What Pareto Doesn't Say

In 1971, Italian economist Vilfredo Pareto made the simple observation that 20% of the population owned 80% of the land. Originally meant as an observation about centralization of wealth in an economy, this observation has evolved into one of the most quoted, most misunderstood rules of thumb.

The 80-20 rule generally states that 80% of the effects in a system can be attributed to 20% of the agents in said system. Illustrative examples of this are:

  • 80% of bugs come from 20% of the features
  • 80% of a company's revenue comes from 20% of the customers
  • 80% of the world's health is held by 20% of the population

If your system follows this pattern then it is very powerful when trying to optimize effort over a large system. Focus on those 20% features with fixes or features cuts, offer bonuses and premium service to your best customers - and so on.

Let us not forget that rules of thumb are approximations. They are at best social science, at worst guessing. So what are the limits of this model of thinking? I see three issues: data that doesn't follow the model, inability to actually use the model and incorrect interpretation of the model.

First, not every system follows the Pareto principle. Pareto works when items follow a power law distribution. If you are an established publisher then your #1 bestseller will likely dwarf even your #2 bestseller. If you are an independent bookseller, your sales across titles will tend to be flat. This is critical if you are trying to optimize sales effort on 20% of titles and expect 80% return. A simple way to address this is to validate ahead of time that you are, in fact, working with an 80-20 situation.
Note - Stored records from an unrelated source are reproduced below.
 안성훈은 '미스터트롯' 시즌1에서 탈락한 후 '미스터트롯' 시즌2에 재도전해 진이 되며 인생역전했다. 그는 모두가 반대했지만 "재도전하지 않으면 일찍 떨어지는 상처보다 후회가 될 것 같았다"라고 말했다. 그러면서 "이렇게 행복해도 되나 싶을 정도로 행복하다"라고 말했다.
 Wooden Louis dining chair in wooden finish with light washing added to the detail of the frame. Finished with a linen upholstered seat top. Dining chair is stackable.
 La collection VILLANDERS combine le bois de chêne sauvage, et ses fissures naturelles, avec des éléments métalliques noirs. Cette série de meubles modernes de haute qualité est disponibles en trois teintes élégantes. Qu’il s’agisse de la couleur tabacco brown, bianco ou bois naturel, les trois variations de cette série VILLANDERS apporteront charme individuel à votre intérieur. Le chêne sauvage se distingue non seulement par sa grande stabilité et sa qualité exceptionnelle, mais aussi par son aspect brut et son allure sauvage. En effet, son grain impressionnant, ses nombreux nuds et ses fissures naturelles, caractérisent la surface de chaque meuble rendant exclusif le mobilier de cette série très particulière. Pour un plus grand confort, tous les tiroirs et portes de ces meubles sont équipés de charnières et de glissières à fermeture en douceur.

More subtle is a slavish adherence to the actual 80-20 numbers. The actual 80 and 20 are no more special than 60-30 - yes the numbers don't have to add up to 100! In a 60-30 you can asset that 60% of your revenue is from 30% of your customers. This is still a very useful conclusion as it still allows for a focus optimization on that 30% with an disproportionately high expected payoff.

Most importantly is not to assume that the Pareto effect applies when your distribution doesn't follow the inverse power law (say when things are more of less level). Visually, when the thing you care about looks like this:

then you're good. If it looks like this:

then you probably shouldn't assume you can pull some 80-20 optimization.
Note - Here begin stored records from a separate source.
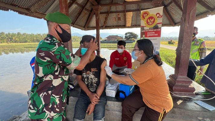 Persindonesia.com Jembrana – BIN Posda Jembrana bersama Dinas Kesehatan Jembrana, kembali melaksanakan vaksinasi door to door menyasar pekerja PT Mitra Prodin dan kali ini tim menyasar warga Banjar Yeh Buah, Desa Penyaringan, Kecamatan Mendoyo, Kabupaten Jembrana. Selasa (5/7/2022)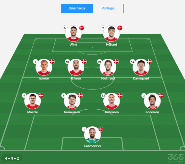 - Provável escalação do Dinamarca: Schmeichel; Andersen, Kristensen, Rasmussen, Maehle; Damgaard, Hjulmand, Eriksen, Isaksen; Hojlund e Wind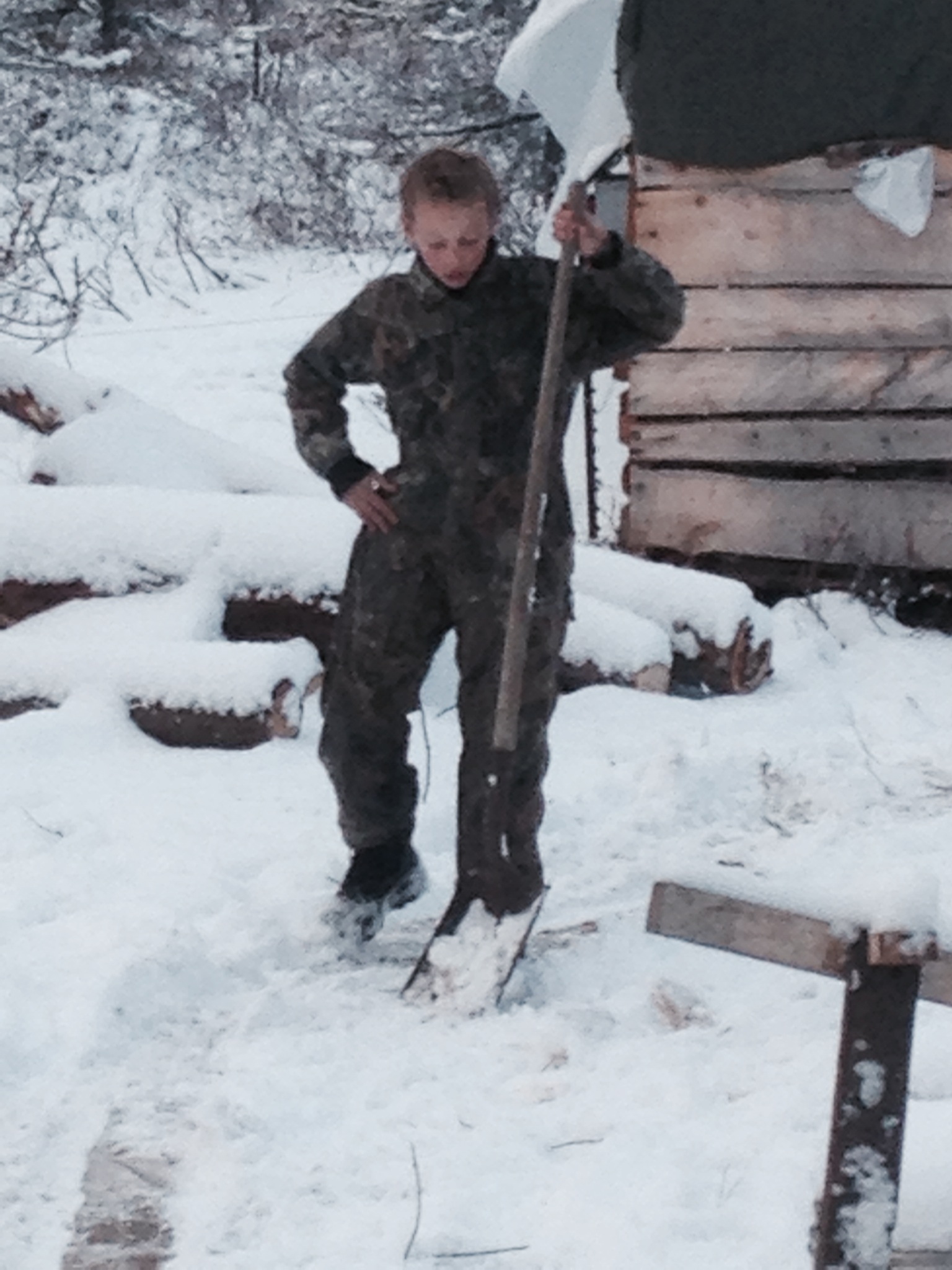 What a beautiful day it was today. The weatherman was wrong….again…..but it was beautiful! Snow was falling on our trip out and I felt like I was in the middle of a Norman Rockwell painting it was so beautiful. I took a minute to capture a couple of pics once we were to the truck and driving the 3/4 of a mile to the road. I hope you enjoy them as much as I do.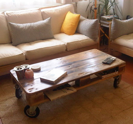 Небольшой журнальный столик из поддона освежит комнату и станет уникальным предметом в вашем интерьере, ведь такой не купишь в магазине.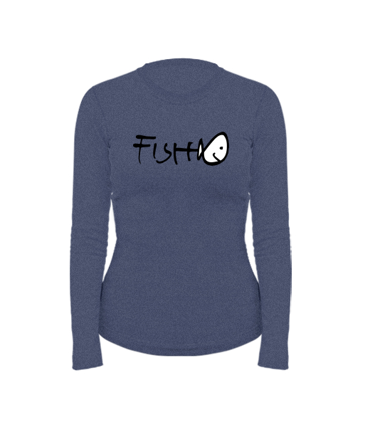 Dámské bavlněné tričko s dlouhým rukávem pro ženy s potiskem 357 FISH v barvě JEANS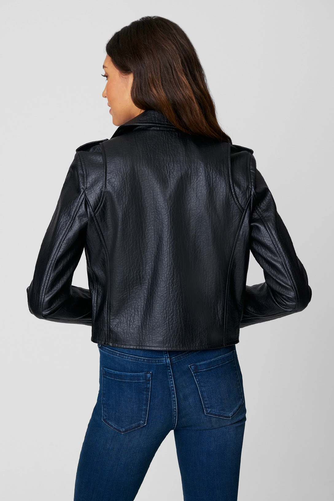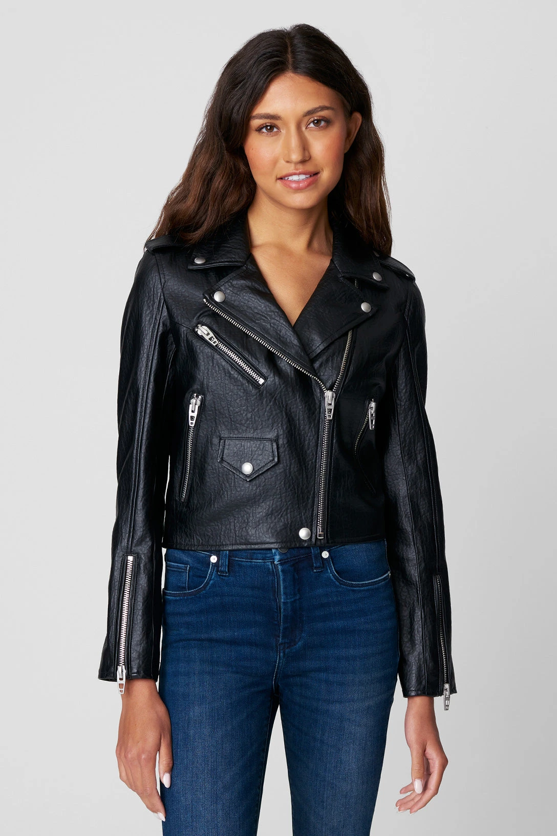 Vegan Leather Moto Jacket[Shell: 60% Polyurethane, 40% Viscose – Lining: 97% Polyester, 3% Spandex][Wipe Shell Clean With Damp Cloth, Do Not Machine Wash, Do Not Bleach, Do Not Tumble Dry, Do Not Iron, Do Not Dry Clean][Model Measurements: Height 5’9, Waist 27′][Size on Model: Small]

Secondly, you can't always apply more gas to a certain set of customers (or bugs etc). If you have a set of customers that are accounting for much of your revenue, you might have tapped them out. The principle only assert something about how the data is distributed but not what you can do to affect change.
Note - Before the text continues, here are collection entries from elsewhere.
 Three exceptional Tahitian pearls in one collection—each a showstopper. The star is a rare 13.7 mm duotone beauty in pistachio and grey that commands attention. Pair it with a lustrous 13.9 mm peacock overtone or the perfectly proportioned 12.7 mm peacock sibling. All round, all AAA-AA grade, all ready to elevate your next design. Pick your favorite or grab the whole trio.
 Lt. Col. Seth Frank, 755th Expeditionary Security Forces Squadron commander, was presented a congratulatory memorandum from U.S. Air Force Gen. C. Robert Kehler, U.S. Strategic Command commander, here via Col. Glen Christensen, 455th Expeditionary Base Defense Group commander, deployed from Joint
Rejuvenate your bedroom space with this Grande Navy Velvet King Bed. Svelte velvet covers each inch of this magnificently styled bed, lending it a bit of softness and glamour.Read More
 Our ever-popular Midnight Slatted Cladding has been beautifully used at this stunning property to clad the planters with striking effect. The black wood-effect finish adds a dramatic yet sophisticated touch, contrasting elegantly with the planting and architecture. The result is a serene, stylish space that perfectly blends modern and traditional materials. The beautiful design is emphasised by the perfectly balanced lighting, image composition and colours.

Overly focusing on the top 20% means that you might miss out on increase revenue in your bottom 80%. If you can get 50% more revenue from that bottom 80%, that's still 10% revenue growth, which can be pretty good. Who knows, you might actually be one of these.

The third mistake I see is when there is the complete misapplication of the principle to how at task might be done. Imagine a software project that is expected to take one year. Someone might suggest that in the past they've observed "people really only need 20% of the features to get 80% of the value". While incredibly hard to measure (not all features take the same time but I digress), it is a conceivably true statement. They might continue with the suggestion "let's try and prioritize the 20% features and then we could stop development after 3 months".

Here the Pareto principle implies is that we can unlock significant customer value at only a small fraction of the work! Amazing! Here's the problem: that's not what it says. Pareto only works when you look at the system as a whole with full information. You can, after the work is complete, list every feature and compare customer use them conclude that the completed project satisfies the Pareto principle. What you cannot do is assume that what you identify on the fly is that critical 20%.

Because all projects - software or otherwise - are performed under imperfect information, no person can know a priori what tasks will be part of that effective 20%. Lean (or any iterative method of building) only advises you to build end-to-end experiences to validate value. It does not assert that it is possible to prioritize the highest value elements first - only the riskiest ones.

Making coherent product experiences means picking some non-critical features to support the critical ones. Going in with a Pareto mindset with ensure that those end up on the cutting floor. Proper agile, lean or basic-logic development means delivering a stunted but effective release to test out the viability of the product or technology - the so-called cupcake release. This effectiveness is often marred or even nullified if they don't contain basic functionality (e.g. ability to sign up via password, enter some personal information, etc).

The Pareto principle is an interesting observation but is prone to overuse just like any other mental model. We should always remember that it only states something about how thing are distributed but can't help you change a system while it is being played out. It's best limited to post-hoc analysis and not as some panacea for doing the minimum possible work.